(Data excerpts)
--------------------
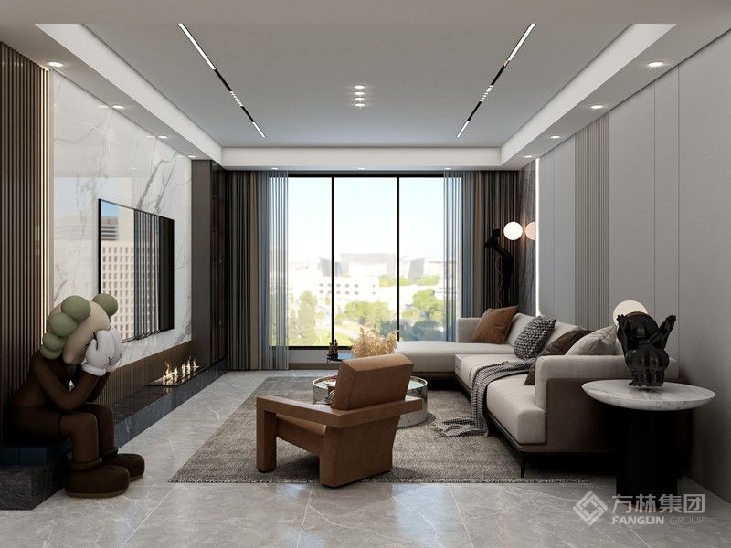 • 客厅空间以灰色为主基调,统一中又富有变化,顶部无主灯设计,白色的吊顶贯通南北,简约大气。或白或灰的色调,让客厅显得既沉稳也不失时尚,极简的搭配,塑造优雅的同时又具有现代设计感。
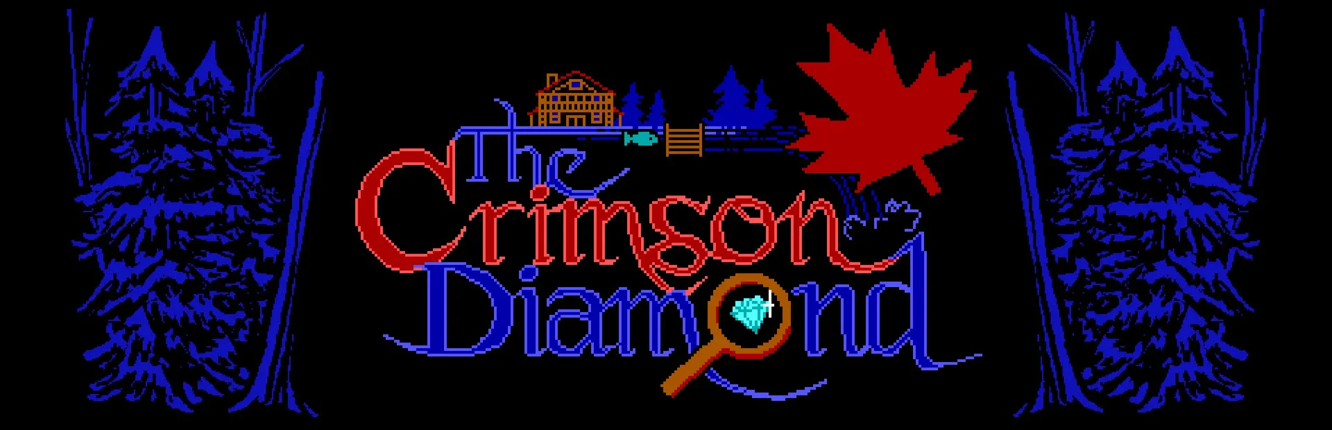 "The Crimson Diamond is a text-parser EGA mystery adventure game by indie game developer Julia Minamata. The Crimson Diamond is inspired by classic adventure games of the late 80s and early 90s, particularly Sierra On-line's The Colonel's Bequest. Explore Crimson Lodge and its environs! Eavesdrop on intriguing characters! Solve mysteries!" "The Crimson Diamond is a text parser mystery adventure game where you play as amateur geologist and reluctant detective Nancy Maple. Follow Nancy as she travels north to the fictional ghost town of Crimson, Ontario to investigate the discovery of a massive diamond in the area. Eavesdrop on conversations to learn more about the eccentric cast of characters who find themselves gathered at Crimson Lodge. Explore the lodge and its environs to evaluate the diamond claim, and maybe solve a mystery or two along the way! The Crimson Diamond is a cozy mystery that encourages reading and engaging in the story over devious arcade challenges."
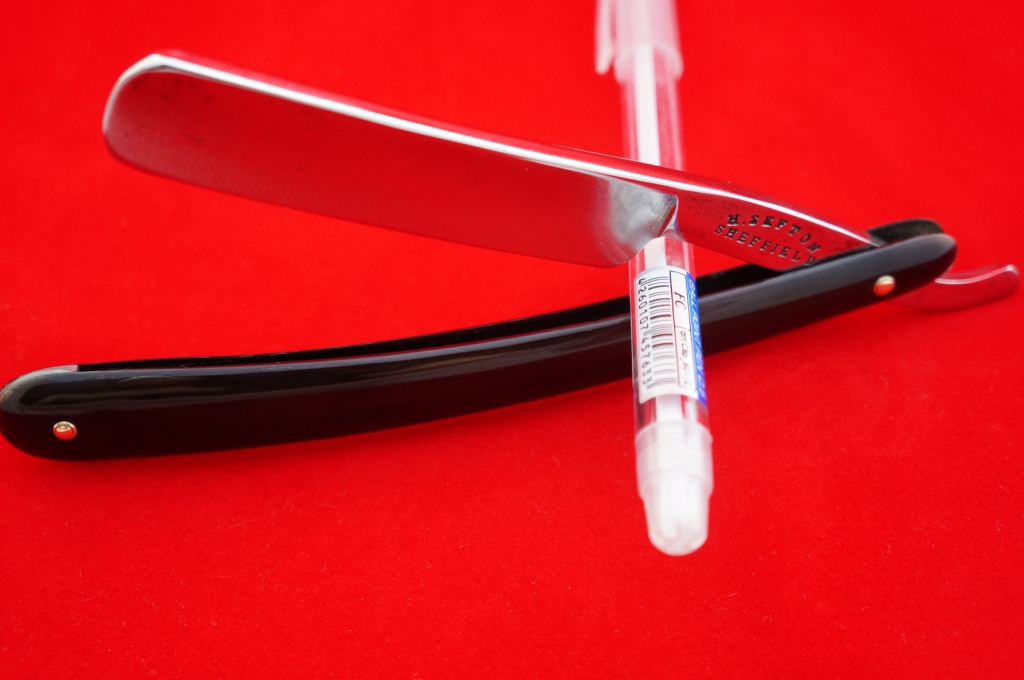 Англия, выборка лезвия Near Vedge (почти клин), углеродка, ширина лезвия в самом широком месте - 19 мм., ширина обуха - 5,5 мм., длина лезвия - 76 мм., ручка - родная, рог, слегка поведена в нижней четверти ( заметно при пристальном внимании, на закрытие-открытие не влияет), пины, шайбы новые - латунь. Возраст - ориентировочно конец 19 - начало 20 в.в. Заточена, готова к работе. Бреет очень мягко, как и большинство клинов. Состояние в целом - почти идеальное, бреет отлично. Продано (на другом ресурсе) H. Sefton Show
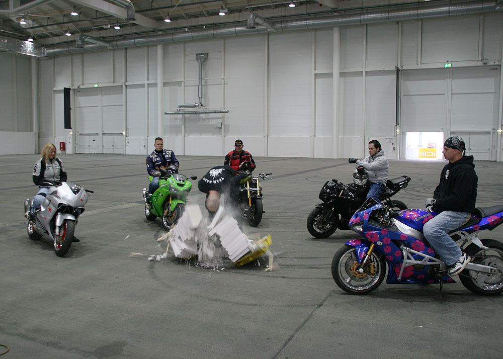 Ungläubiges Staunen bei den Fahrern als SATU der Bruchtestmeister einen Stapel Steine mit der Stirn mittig von oben nach unten teilt.
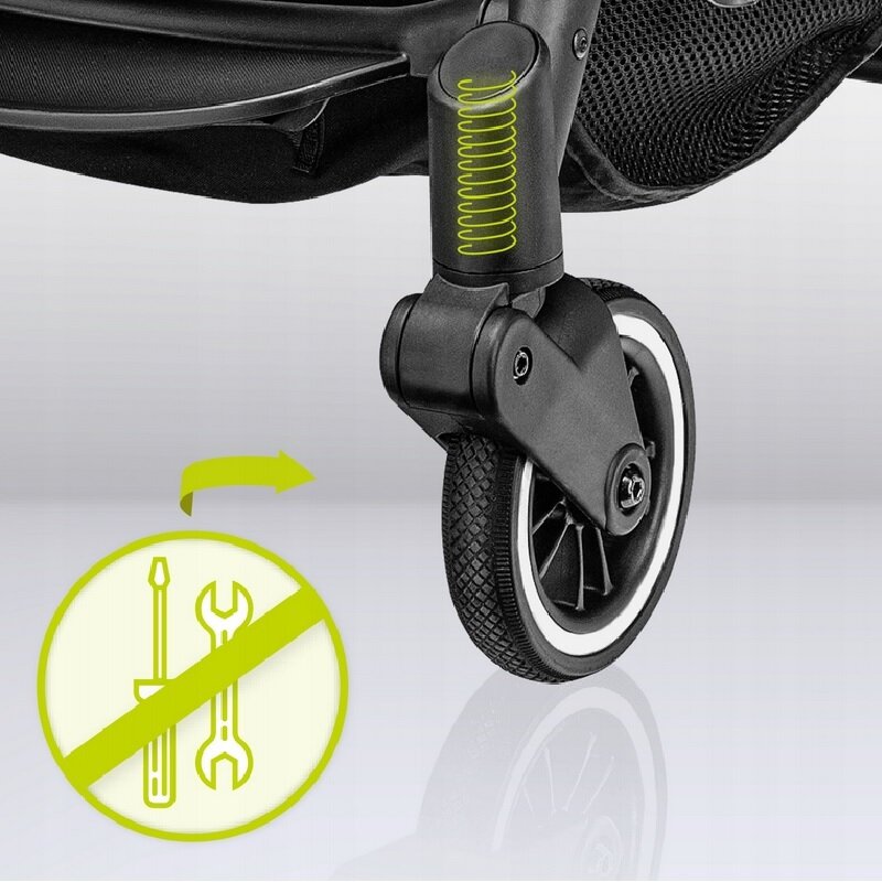 Caruciorul Lionelo Julie One este echipat cu roti fara intretinere cu acoperire de cauciuc PU, care se descurca pe orice drum. Amortizarea fata si spate elimina socurile neplacute pe suprafete neuniforme, iar frana de picior securizeaza pozitia caruciorului in timpul opririi.
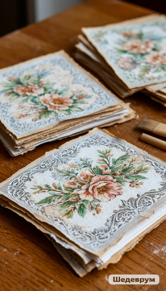 Процесс декупажа требует абсолютной тишины и концентрации. Ты вырезаешь фрагмент (я предпочитаю не вырезать, а аккуратно вырывать, чтобы края были более естественными, «живыми»), отделяешь два лишних слоя салфетки и берешь в руки тончайший, почти невесомый верхний слой с рисунком. Он так и норовит свернуться, порваться, прилипнуть к пальцам. Он капризен, как муза.
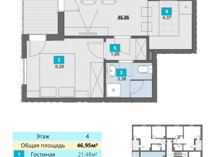 In vendita: un **51 m² appartamento** in nuovo complesso residenziale composto da **due corpi di fabbrica monolitici**. I piani inferiori del complesso dispongono di **parcheggi**.
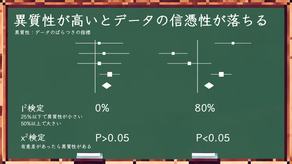 #45. 異質性が高いとデータの信憑性が落ちる 異質性:データのばらつきの指標 2 I 検定 0% 80% P>0.05 P<0.05 25%以下で異質性が小さい 50%以上で大きい 2 x 検定 有意差があったら異質性がある
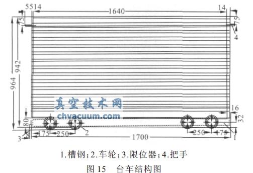 物料温度为- 40℃,结冰的物料装在托盘里,放在台车的架子上(图15),存放在冷冻室内,在8 h 内,往冷冻室装满56 托盘120 kg 被冻结的原料(物料由屠宰场分批供给)。冷冻室内的温度约为- 30℃。冷冻室与干燥室通过断面为700×1000 mm2 的真空闸板阀相联。台车装满盘子后,可打开阀门将台车推进干燥室,沿斜坡到达干燥室端盖缓冲器的挡板处。台车进入后与末端开关相碰,自动关闭真空阀门。同时端盖密封。干燥室经过一个真空阀门(内径500mm)与对应的升华凝结器相连。而升华凝结器由真空主管道(内径80 mm)与三台BH- 1Г 型机械真空泵相连,构成预真空系统。在干燥周期内,只利用一台真空泵工作。
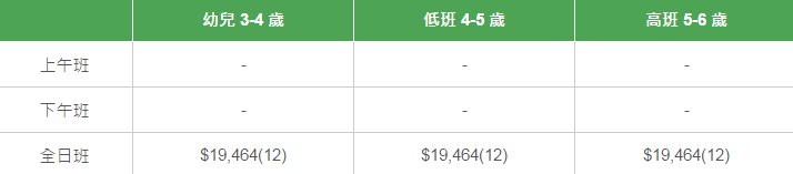 學校有參加「幼稚園教育計劃」,以下列出扣減政府資助后不同班別的全年學費和期數。
--------------------
- Try it -
The copy should hold exactly the lines from the one containing "#45. 異質性が高いとデータの信憑性が落ちる 異質性:データのばらつきの指標" through the final line of the records above, both ends included, and no picture.

- Written answer -
 #45. 異質性が高いとデータの信憑性が落ちる 異質性:データのばらつきの指標 2 I 検定 0% 80% P>0.05 P<0.05 25%以下で異質性が小さい 50%以上で大きい 2 x 検定 有意差があったら異質性がある
 物料温度为- 40℃,结冰的物料装在托盘里,放在台车的架子上(图15),存放在冷冻室内,在8 h 内,往冷冻室装满56 托盘120 kg 被冻结的原料(物料由屠宰场分批供给)。冷冻室内的温度约为- 30℃。冷冻室与干燥室通过断面为700×1000 mm2 的真空闸板阀相联。台车装满盘子后,可打开阀门将台车推进干燥室,沿斜坡到达干燥室端盖缓冲器的挡板处。台车进入后与末端开关相碰,自动关闭真空阀门。同时端盖密封。干燥室经过一个真空阀门(内径500mm)与对应的升华凝结器相连。而升华凝结器由真空主管道(内径80 mm)与三台BH- 1Г 型机械真空泵相连,构成预真空系统。在干燥周期内,只利用一台真空泵工作。
 學校有參加「幼稚園教育計劃」,以下列出扣減政府資助后不同班別的全年學費和期數。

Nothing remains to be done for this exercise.